The task
Go through the listing and copy each line that has the string "area" in it.

Dataset
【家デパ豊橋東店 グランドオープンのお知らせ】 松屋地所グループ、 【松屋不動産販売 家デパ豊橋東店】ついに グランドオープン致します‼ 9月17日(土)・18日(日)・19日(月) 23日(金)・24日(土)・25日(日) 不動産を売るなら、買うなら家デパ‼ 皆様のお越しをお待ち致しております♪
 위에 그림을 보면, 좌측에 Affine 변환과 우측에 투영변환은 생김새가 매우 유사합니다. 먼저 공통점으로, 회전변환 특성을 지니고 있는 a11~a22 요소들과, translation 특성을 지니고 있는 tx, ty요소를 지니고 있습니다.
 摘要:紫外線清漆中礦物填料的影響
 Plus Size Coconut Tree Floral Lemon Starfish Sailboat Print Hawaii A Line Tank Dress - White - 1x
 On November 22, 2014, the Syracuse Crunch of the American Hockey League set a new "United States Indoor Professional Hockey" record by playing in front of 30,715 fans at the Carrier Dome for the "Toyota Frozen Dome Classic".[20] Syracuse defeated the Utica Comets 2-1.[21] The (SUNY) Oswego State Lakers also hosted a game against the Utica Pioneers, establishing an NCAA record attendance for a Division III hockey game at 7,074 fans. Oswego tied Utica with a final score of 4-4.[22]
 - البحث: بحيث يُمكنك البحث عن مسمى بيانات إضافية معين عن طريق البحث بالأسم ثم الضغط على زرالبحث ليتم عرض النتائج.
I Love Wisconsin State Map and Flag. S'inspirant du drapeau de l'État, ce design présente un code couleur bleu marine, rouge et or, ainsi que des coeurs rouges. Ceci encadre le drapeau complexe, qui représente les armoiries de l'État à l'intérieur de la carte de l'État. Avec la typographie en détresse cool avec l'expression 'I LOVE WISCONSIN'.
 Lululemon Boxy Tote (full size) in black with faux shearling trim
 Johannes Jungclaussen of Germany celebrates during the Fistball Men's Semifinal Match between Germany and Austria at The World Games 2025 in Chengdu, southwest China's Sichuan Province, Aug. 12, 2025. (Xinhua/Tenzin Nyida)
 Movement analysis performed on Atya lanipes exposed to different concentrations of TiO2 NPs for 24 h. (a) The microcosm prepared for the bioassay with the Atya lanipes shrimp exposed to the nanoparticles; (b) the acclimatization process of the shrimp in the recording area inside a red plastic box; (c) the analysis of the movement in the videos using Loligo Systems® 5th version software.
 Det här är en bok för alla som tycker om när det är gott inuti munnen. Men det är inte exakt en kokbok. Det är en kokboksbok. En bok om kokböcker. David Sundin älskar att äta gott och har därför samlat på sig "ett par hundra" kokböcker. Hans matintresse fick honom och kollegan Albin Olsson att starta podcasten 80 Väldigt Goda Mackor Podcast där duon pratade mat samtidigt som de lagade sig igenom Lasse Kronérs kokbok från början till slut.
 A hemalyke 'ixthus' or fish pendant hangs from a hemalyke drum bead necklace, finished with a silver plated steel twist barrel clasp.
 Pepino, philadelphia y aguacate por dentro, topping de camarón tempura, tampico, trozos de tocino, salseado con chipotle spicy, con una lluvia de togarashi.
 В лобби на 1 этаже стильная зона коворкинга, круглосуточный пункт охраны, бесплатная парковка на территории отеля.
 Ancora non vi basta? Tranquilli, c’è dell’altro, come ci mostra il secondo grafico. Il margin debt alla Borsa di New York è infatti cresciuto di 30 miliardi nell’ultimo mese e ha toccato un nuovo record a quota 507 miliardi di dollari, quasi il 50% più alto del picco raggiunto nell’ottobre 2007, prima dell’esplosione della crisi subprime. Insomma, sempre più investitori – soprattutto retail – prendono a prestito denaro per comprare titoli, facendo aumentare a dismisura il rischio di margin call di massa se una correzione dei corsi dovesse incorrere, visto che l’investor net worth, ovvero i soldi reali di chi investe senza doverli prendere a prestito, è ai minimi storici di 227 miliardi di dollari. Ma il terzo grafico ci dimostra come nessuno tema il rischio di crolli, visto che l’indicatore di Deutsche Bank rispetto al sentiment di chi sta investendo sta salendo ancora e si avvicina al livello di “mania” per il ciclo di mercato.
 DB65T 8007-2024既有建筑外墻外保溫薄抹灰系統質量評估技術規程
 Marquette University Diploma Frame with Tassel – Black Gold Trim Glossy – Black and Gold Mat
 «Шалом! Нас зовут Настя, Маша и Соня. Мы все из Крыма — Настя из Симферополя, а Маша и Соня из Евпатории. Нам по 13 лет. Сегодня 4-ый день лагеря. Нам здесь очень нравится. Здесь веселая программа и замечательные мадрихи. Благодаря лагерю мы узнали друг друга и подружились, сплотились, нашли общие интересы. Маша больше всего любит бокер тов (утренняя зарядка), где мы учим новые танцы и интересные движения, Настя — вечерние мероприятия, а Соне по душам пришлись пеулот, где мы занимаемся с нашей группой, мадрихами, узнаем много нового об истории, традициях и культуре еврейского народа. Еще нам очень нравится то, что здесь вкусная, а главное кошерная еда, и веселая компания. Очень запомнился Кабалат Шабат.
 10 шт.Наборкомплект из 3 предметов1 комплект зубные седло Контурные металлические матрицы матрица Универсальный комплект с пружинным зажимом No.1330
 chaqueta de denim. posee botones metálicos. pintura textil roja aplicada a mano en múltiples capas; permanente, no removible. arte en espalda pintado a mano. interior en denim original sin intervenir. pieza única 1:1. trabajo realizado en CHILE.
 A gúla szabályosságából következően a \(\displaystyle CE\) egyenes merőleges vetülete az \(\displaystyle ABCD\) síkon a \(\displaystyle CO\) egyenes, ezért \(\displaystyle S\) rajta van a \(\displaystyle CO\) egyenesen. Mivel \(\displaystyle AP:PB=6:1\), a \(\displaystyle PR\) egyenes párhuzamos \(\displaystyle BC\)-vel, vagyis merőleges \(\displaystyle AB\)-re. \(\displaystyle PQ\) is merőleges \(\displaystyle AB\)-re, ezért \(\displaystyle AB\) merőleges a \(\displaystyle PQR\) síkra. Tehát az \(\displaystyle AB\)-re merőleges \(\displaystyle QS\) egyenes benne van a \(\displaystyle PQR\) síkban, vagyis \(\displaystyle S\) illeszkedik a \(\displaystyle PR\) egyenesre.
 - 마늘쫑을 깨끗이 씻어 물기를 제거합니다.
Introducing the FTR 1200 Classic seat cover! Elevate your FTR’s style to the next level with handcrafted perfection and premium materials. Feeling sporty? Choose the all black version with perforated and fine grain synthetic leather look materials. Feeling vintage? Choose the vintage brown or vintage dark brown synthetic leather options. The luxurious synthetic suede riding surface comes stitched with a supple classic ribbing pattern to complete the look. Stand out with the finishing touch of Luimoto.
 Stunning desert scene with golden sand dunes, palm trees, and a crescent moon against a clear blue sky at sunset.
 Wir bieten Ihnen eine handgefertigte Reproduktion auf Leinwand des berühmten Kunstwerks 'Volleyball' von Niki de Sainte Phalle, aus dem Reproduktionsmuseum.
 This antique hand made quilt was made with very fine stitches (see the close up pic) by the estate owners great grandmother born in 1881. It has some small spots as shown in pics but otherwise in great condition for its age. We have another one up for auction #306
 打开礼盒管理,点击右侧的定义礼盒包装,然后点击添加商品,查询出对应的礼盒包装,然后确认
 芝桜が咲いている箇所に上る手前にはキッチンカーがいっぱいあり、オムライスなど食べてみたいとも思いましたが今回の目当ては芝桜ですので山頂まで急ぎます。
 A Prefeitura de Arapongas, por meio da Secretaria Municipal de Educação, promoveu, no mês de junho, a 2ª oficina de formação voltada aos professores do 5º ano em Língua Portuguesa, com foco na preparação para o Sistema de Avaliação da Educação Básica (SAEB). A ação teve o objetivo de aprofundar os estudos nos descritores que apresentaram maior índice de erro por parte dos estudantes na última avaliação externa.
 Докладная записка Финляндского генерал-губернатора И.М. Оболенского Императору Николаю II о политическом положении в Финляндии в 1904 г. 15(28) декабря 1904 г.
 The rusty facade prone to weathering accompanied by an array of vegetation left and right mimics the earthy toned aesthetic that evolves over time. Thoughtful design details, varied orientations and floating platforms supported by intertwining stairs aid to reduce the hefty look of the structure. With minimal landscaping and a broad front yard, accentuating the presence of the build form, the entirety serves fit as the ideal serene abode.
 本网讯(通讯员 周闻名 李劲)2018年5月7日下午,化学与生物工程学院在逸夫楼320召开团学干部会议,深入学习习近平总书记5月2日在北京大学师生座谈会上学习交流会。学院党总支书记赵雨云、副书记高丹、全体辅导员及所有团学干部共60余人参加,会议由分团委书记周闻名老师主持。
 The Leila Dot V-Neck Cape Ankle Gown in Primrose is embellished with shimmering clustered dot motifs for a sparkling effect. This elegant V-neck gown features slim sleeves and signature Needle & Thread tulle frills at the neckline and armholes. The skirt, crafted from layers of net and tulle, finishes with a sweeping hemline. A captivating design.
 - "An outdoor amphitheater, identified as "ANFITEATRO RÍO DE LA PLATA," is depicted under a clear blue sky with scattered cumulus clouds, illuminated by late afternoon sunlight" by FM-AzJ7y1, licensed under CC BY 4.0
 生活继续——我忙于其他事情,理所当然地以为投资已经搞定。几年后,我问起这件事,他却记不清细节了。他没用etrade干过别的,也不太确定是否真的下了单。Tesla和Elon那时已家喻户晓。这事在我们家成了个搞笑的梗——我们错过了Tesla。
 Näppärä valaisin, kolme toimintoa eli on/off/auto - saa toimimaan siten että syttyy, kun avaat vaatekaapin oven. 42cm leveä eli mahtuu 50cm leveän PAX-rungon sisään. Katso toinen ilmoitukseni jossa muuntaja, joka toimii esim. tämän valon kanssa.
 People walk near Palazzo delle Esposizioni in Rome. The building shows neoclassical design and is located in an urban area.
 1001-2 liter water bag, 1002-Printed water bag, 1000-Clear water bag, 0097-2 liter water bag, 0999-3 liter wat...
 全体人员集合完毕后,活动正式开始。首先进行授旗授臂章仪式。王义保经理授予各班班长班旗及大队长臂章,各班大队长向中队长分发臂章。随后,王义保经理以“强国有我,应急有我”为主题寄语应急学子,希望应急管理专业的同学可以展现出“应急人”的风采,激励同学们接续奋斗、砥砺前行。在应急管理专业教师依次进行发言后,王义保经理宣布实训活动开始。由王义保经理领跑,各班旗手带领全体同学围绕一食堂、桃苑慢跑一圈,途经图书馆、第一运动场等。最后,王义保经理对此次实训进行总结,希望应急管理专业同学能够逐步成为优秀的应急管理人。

Written response
 Movement analysis performed on Atya lanipes exposed to different concentrations of TiO2 NPs for 24 h. (a) The microcosm prepared for the bioassay with the Atya lanipes shrimp exposed to the nanoparticles; (b) the acclimatization process of the shrimp in the recording area inside a red plastic box; (c) the analysis of the movement in the videos using Loligo Systems® 5th version software.
 People walk near Palazzo delle Esposizioni in Rome. The building shows neoclassical design and is located in an urban area.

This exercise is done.